Gillian, an astrologer, met David in the early '80s when he was living in a boarding house in Perth, Australia, swimming like a fiend by day in a friend's pool and playing the piano in Riccardo's, a wine bar, by night. At their first meeting, he invited her to come hear him play.
"Riccardo's was by no means situated in a trendy part of town," Gillian writes. "Above the wine bar was a backpackers' hostel, and the bar itself had a '50s look with dark walls, chrome chairs and no windows…. As we entered, one could feel the audience's anticipation….
"David's fingers gently touched the keys and from the first sounds I could sense the crowd being drawn towards him. A change had come over David. The gangling, maniacally noisy creature, seemingly so insecure, became another person, completely absorbed and confident in his craft."
During a break, Gillian asked David to name his favorite piece. "Rak 3, Serge's Rak 3," he replied. He then went straight back to the piano and played Sergei Rachmaninoff's Piano Concerto No. 3 in its entirety while a "spellbound" Gillian marveled at his "majesty and passion." Nine months later, after consulting their astrology charts to make sure the planets were favorably aligned, Gillian married David.
Gillian's account of how she and others helped David rebuild his career as a concert pianist is told with sensitivity, wit and great self-assurance. Laying to rest rumors of his inability to hold up under the strain of regular performances required shoring up David's fragile sense of self as well as regular exposure of his talent in venues more suitable to classical piano than the wine bar. To these and countless other rehabilitative tasks Gillian applied herself with gusto. After cutting David's cigarette, coffee and gum consumption to near zero during performances, she set to work discouraging his incessant muttering while playing.

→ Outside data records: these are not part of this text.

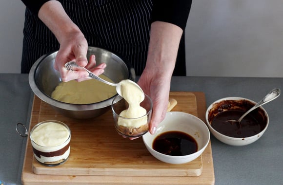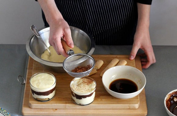 13Au moment de servir, saupoudrez chaque verrine d'un peu de cacao.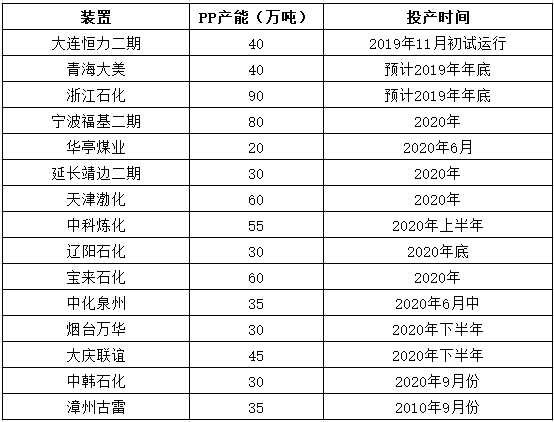 ????????據(jù)了解,目前大連恒力二期聚丙烯裝置預計下個月試運行,青海大美、浙江石化等裝置年底前或將投產(chǎn)。明年投產(chǎn)熱情依舊,寧波福基二期、華庭煤業(yè)、天津渤化、中科煉化等十幾套裝置產(chǎn)能集中釋放,可以說未來供應壓力山大。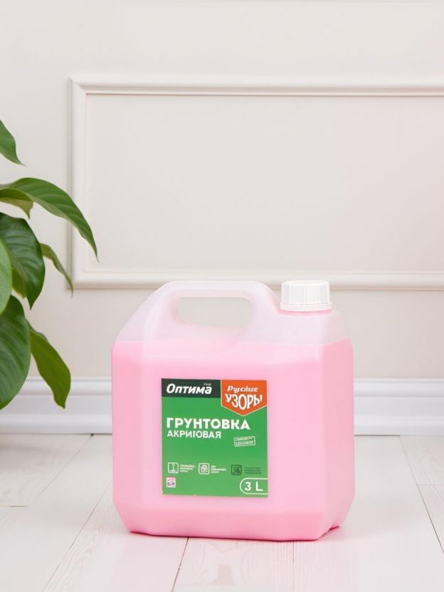 Грунтовка водно-дисперсионная, акриловая, Русские узоры, Оптима R107, глубокого проникновения, для внутренних работ, 3 л

"Sometimes he sang away and muttered, and sometimes he didn't," she writes, "and to this day one can never predict what he will do when left alone on a stage."
As Gillian points out, David's muttering acts as a kind of self-protection ritual to ward off the cloud of negativity implanted in his psyche early on by his father's violent outbursts and the obsessive, perfectionist demands he placed on his son's gifts. Throughout the book there are references to "the fog," David's term for the swirl of chaotic, rambling thoughts and painful recollections that prevented him for many years from developing his talent in the disciplined, structured way that a successful career as a concert pianist requires.

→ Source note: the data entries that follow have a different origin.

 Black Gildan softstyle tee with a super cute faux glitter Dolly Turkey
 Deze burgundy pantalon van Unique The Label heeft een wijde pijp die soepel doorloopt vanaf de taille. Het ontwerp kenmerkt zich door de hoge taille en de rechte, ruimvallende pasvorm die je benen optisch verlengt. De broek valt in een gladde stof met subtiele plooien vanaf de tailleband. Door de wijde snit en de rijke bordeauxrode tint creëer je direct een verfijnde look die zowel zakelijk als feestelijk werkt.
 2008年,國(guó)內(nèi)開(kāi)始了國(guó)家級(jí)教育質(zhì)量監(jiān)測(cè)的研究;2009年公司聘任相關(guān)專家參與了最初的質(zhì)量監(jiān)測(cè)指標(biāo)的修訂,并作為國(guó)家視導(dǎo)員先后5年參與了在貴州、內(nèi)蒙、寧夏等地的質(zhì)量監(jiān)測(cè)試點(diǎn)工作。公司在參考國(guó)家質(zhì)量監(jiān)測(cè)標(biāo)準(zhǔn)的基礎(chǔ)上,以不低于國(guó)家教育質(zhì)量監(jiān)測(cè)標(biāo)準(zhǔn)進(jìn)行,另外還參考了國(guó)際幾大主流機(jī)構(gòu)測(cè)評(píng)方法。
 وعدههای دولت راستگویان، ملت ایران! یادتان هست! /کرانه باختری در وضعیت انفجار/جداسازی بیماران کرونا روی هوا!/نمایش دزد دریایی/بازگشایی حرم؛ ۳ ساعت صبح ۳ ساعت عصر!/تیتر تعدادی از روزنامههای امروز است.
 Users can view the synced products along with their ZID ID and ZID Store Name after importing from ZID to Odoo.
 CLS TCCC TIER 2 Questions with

"The fog" first appeared in London in the summer of 1969, when, at age 22, after successfully performing his beloved "Rak 3" before an adoring audience at the Royal College of Music, David failed to follow his strong inclination to return home to Australia to nurture his talent in less-stressful surroundings. Instead, he remained in London, where, under the influence of intense competition at the school and problems with alcohol and medication to tamp down ever-present feelings of panic and fear, he suffered his first breakdown.

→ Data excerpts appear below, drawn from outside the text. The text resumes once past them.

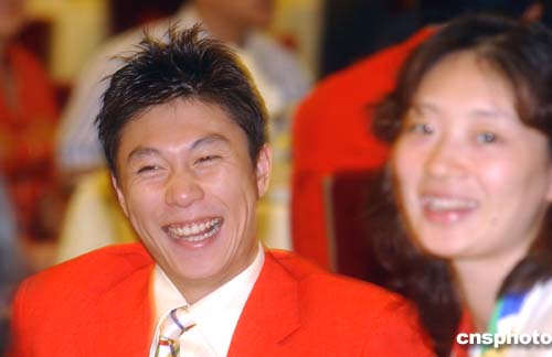 九月二日晚,中共中央辦公廳、國務(wù)院辦公廳在北京人民大會堂宴會廳舉行招待會,歡迎載譽(yù)歸來的第28屆奧運(yùn)會中國體育代表團(tuán)。圖為體操名將李小鵬在招待會上笑逐言開。中新社記者:武仲林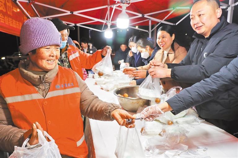▼1月7日,河南省许昌市,环卫工人在领取腊八粥、包子和鸡蛋。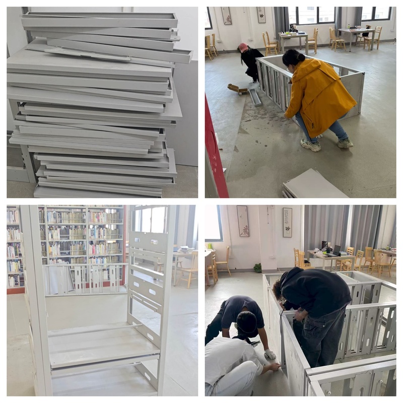 据了解,本次改造旨在进一步优化图书馆服务功能、提升读者体验,改造工程结束后,一系列收尾工作随即紧锣密鼓地展开。面对改造搬迁过程中出现的期刊架部分配件丢失问题,为确保期刊服务及时恢复,图书馆老师们主动担当,带着残存的构件驱车辗转多家五金店,逐家比对寻找匹配配件。配件购回后,他们又反复研究,自行完成了所有期刊架的组装调试工作,原本散落的构件最终变成了整齐排列的期刊架,为期刊借阅服务的顺利开展奠定了坚实基础。
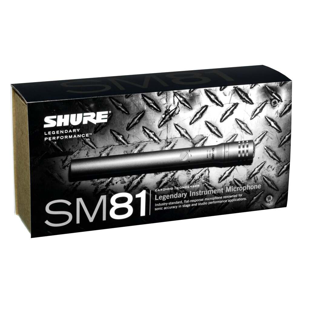 The Shure SM81 is a high-quality, unidirectional condenser microphone designed for studio recording, broadcasting, and sound reinforcement. Its wide frequency response, low noise characteristics, and low RF susceptibility have made it a standard for applications involving acoustic instruments, especially guitar, piano, and cymbals.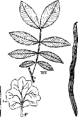 The leaves are once pinnate, up to 24 cm long, with 4 to 6 pairs of opposite leaflets. The terminal pair of leaflets is larger than the basal pair and can be up to 18 cm long and 11 cm wide. Between each leaflet there is a nectary gland on the leaf rhachis; in 1. edulis these are large (2 to 3 mm) and squashed transversely, an important character for identifying the species. The leaflets and rhachis are covered in dense, short, rough brown hair. The seedlings have a characteristic grayish sheen on the upper leaf surface.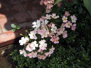 BALLERINA・バレリーナ ぱっと見、上のビンゴ メイディランドと似ているけれど、葉の形は細長く独特です。 淡いピンクのぼかしの入った小さな桜のような花が束になって本当にきれいです。 |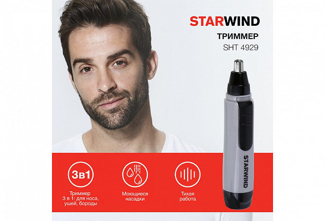 Триммер STARWIND SHT 4929 – удобное и компактное устройство для удаления волосков в труднодоступных местах. Производитель уделил внимание безопасности, производя манипуляцию даже самостоятельно, вы не рискуете повредить чувствительную слизистую носа. Поддержание эстетичного внешнего вида лица не представляет особых проблем.

"After the Rak it all went chaos," he told Gillian. "It all went absolutely foggy and misty, foggy and misty."
David's struggle to permanently dispel "the fog" continues, as does Gillian's push to see him gain the recognition she feels he missed as a result of being kept so firmly under his father's thumb when his career could have been taking off. Whether they will be successful depends on many variables, not the least of which is David's fragile temperament. Add to that the maw of the celebrity machine in which they are now caught as a result of Shine and the strenuous concert tour the couple is racing to complete, and you have enough material for a sequel to Love You to Bits and Pieces.